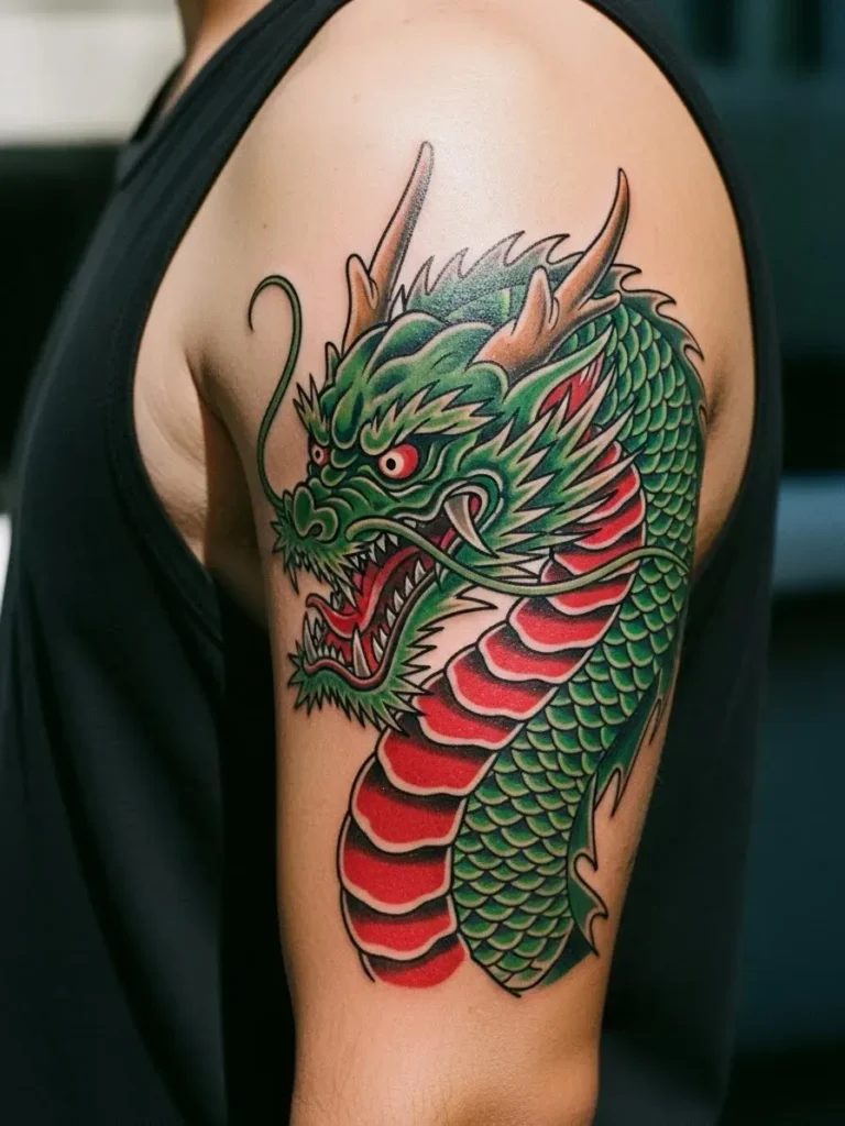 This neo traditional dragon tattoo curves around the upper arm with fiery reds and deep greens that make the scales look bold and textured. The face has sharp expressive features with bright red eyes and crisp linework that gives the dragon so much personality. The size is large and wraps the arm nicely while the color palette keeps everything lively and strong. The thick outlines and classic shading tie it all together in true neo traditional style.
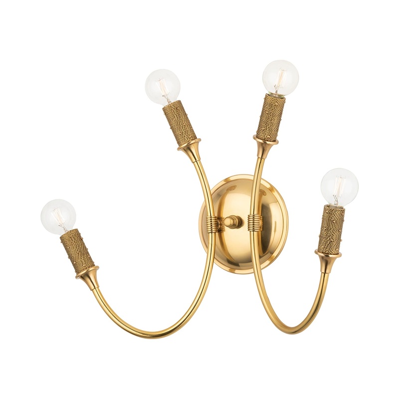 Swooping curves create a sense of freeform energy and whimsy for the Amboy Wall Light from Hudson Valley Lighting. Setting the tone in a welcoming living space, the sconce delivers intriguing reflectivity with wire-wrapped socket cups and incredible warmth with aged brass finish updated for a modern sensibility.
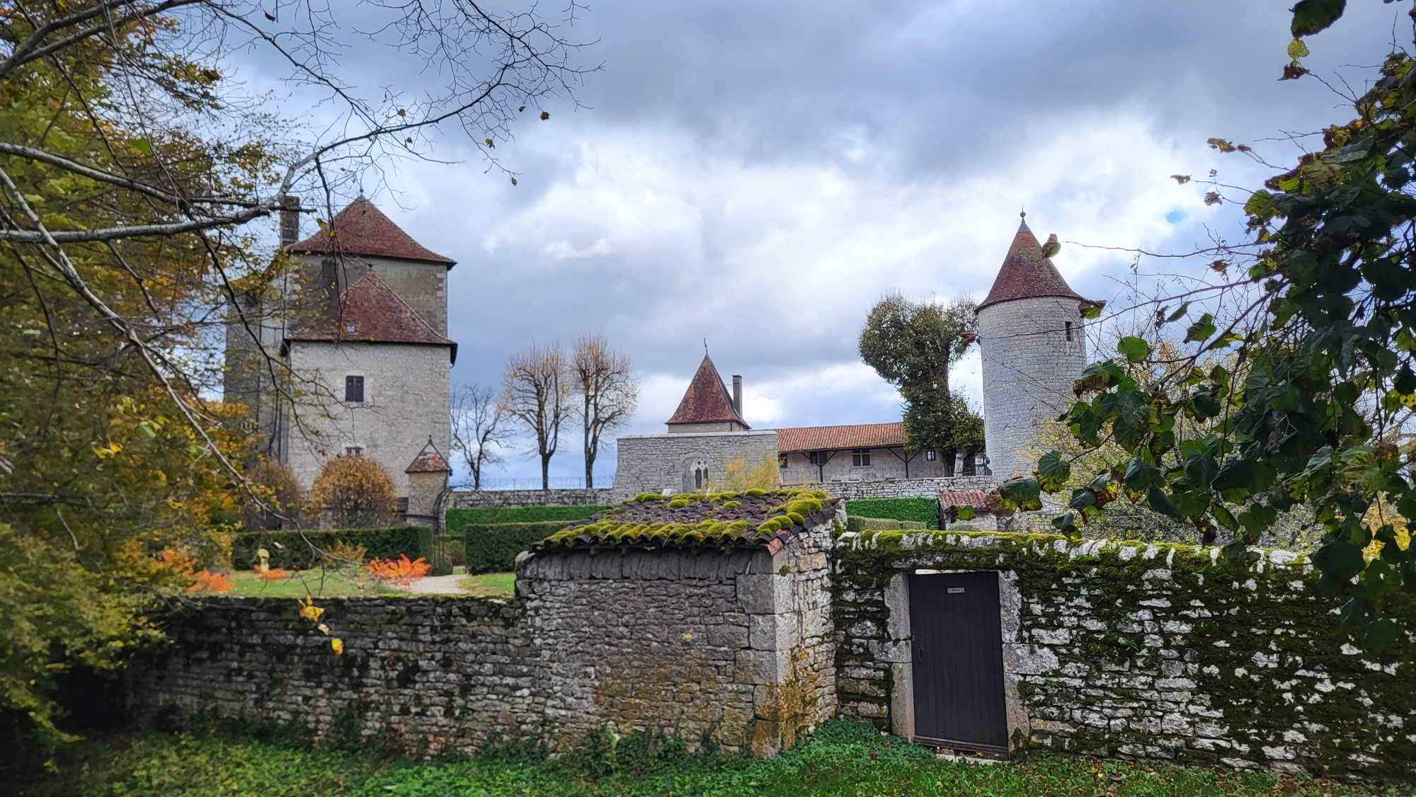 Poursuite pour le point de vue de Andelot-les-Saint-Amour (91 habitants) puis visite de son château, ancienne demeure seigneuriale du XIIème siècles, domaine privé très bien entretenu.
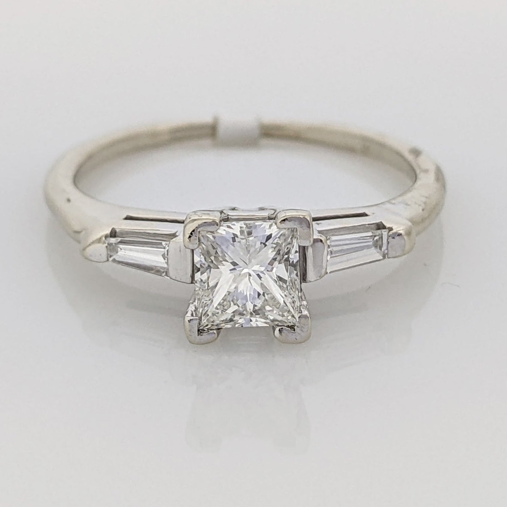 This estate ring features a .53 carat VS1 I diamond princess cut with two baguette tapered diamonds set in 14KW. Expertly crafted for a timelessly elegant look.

====================

Write out exactly, and only, the lines running from the line with "Swooping curves create" to the last line above, both included, with all pictures omitted.

 Swooping curves create a sense of freeform energy and whimsy for the Amboy Wall Light from Hudson Valley Lighting. Setting the tone in a welcoming living space, the sconce delivers intriguing reflectivity with wire-wrapped socket cups and incredible warmth with aged brass finish updated for a modern sensibility.
 Poursuite pour le point de vue de Andelot-les-Saint-Amour (91 habitants) puis visite de son château, ancienne demeure seigneuriale du XIIème siècles, domaine privé très bien entretenu.
 This estate ring features a .53 carat VS1 I diamond princess cut with two baguette tapered diamonds set in 14KW. Expertly crafted for a timelessly elegant look.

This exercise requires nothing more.